The algorithmic workflow developed in this study for real dining scenarios consists of several stages: object recognition, object tracking, similarity comparison, semantic segmentation for food component identification, point cloud volume calculation, compression of residual RGB point clouds, and nutritional value estimation. At the beginning of meal monitoring, the coordinates of the plates on the table are used as initial values and entered into the tracking model. Based on these tracking coordinates, the system estimates the nutritional values of food in different containers, as illustrated in Fig. 2.

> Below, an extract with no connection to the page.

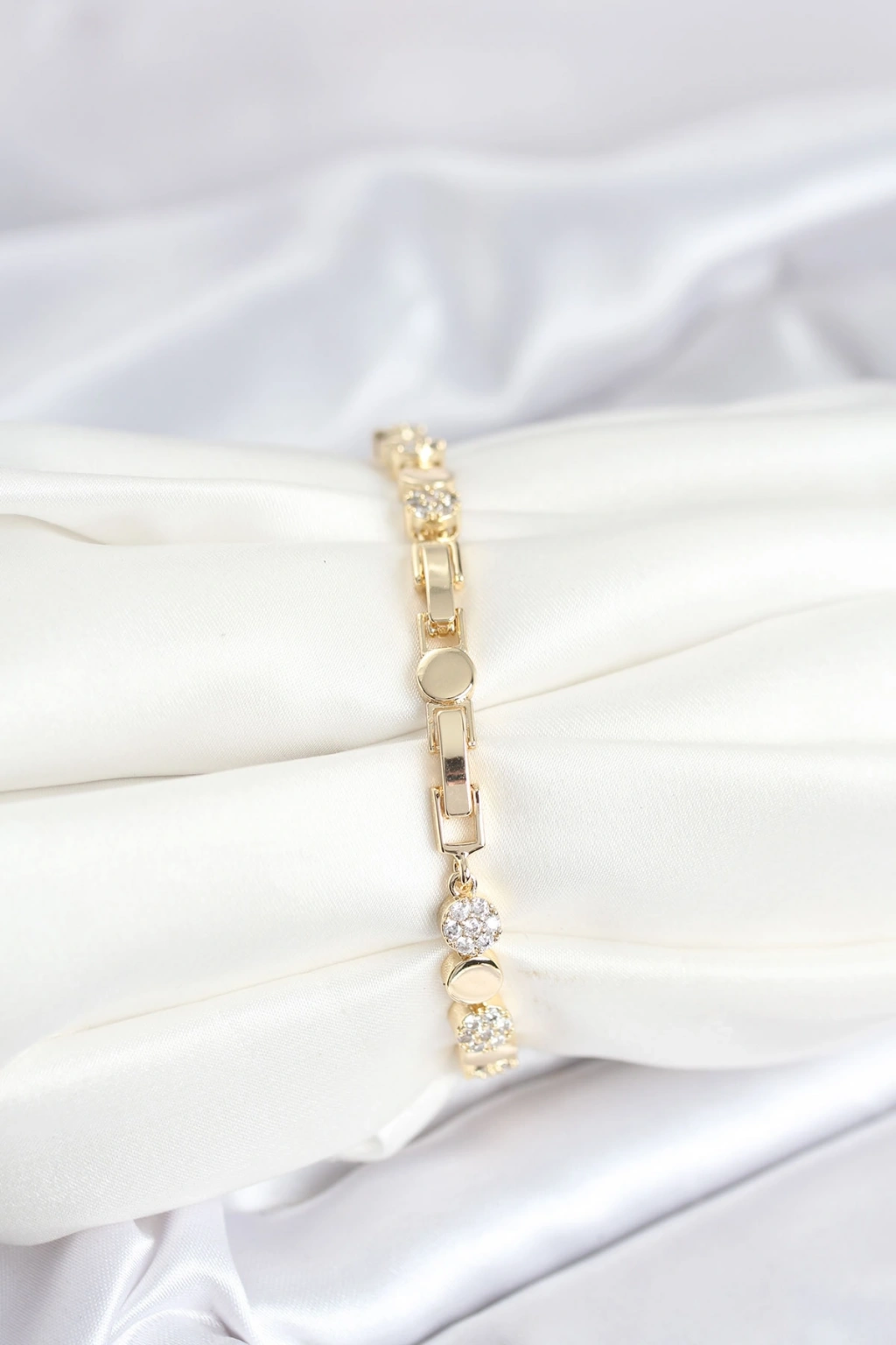 Erb Pirinç Gold Renk Nokta Model Zirkon Taşlı Kadın Bileklik

The algorithm workflow can be broken down into the following steps:

A. Capture RGB & Point Cloud Data:

The RGB-D camera captures images and point cloud information of the dining table for subsequent object recognition and tracking.

B. Object Recognition and Tracking:

The YOLOv5 deep learning model detects plate locations, and the Minimum Output Sum of Squared Error (MOSSE) filter tracks their positions.

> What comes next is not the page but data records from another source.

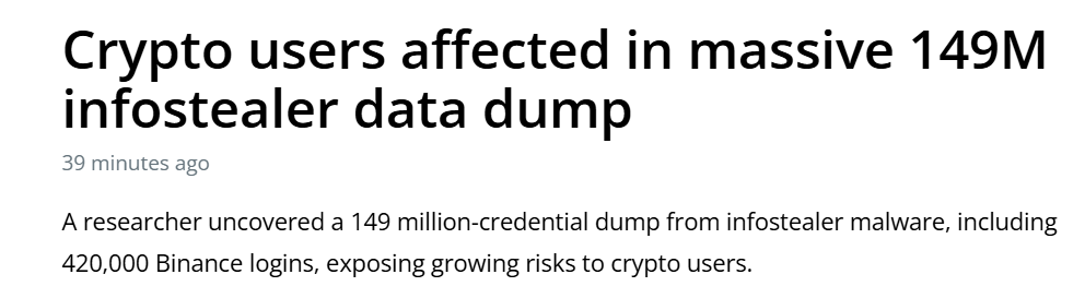 深潮 TechFlow 消息,1 月 26 日,据 Cointelegraph 报道,网络安全研究员 Jeremiah Fowler 发现了一个包含约 1.49 亿用户名和密码的公开数据库,这些数据通过信息窃取恶意软件从被感染的个人设备中收集。该数据库包含与多个主要平台相关的账户信息,其中至少有 42 万条与币安用户相关的登录凭证。
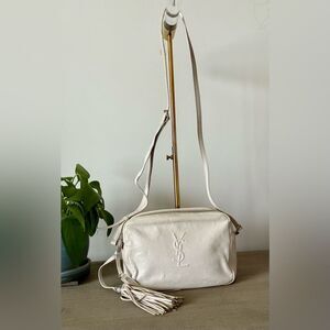 YSL Saint Laurent Lambskin Monogram Small Lou Camera Bag in White
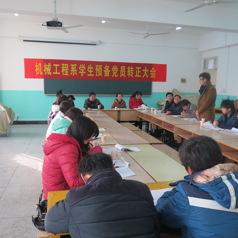 2013年12月26日下午,机械工程系第一党支部、第二党支部分别召开支部大会,讨论潘月亮等38名预备党员的转正问题。会议由各支部书记主持,支部全体党员及申请转正的预备党员参加了会议。

C. Similarity Comparison and Target Association Matching:

Image matching is performed using Transformer feature cosine similarity, plate diameter similarity, and RGB channel similarity to compare the current image with a reference. The Hungarian algorithm then associates historical object locations with current detection results.

D. Point Cloud Volume Calculation and Residual RGB Point Cloud Compression:

Point cloud data are used to calculate food and plate volumes. Segmentation algorithms isolate food-related point clouds, and residual RGB point clouds are compressed into a 2D plane to generate images free from background noise for semantic segmentation.

E. Semantic Segmentation for Food Component Identification:

The DeepLabv3 + model performs semantic segmentation to distinguish food types and proportions, providing input for nutritional value estimation.

F. Nutritional Value Calculation:

Food categories and volumes are matched with nutritional databases to calculate values. This process includes converting food volume to mass and applying the corresponding nutritional data.

Fig. 2
figure 2

Algorithm flowchart.

Point cloud modeling & volume estimating

To isolate the food point cloud, a series of processing steps are applied to remove background noise, enabling accurate food modeling and mesh-based volume calculation, as illustrated in Fig. 3.

Fig. 3
figure 3

Volume calculation workflow.

  1. A.

    RGB coordinate projection and point cloud cropping.

  2. B.

    For object recognition and tracking, RGB images from the RealSense D435’s built-in camera are used. To locate plate objects in the point cloud, 2D pixel coordinates are projected into 3D space. This process requires the camera’s intrinsic parameters: focal lengths \(\:{f}_{x}\)​ and \(\:{f}_{Y}\)​, and principal point coordinates \(\:{c}_{x}\)​ and \(\:{c}_{Y}\)​. Equations (1)–(3) convert pixel coordinates and depth values into 3D space coordinates (X, Y,Z), where (\(\:u\), \(\:v\)) are the 2D pixel coordinates and \(\:d\) is the depth value at that point.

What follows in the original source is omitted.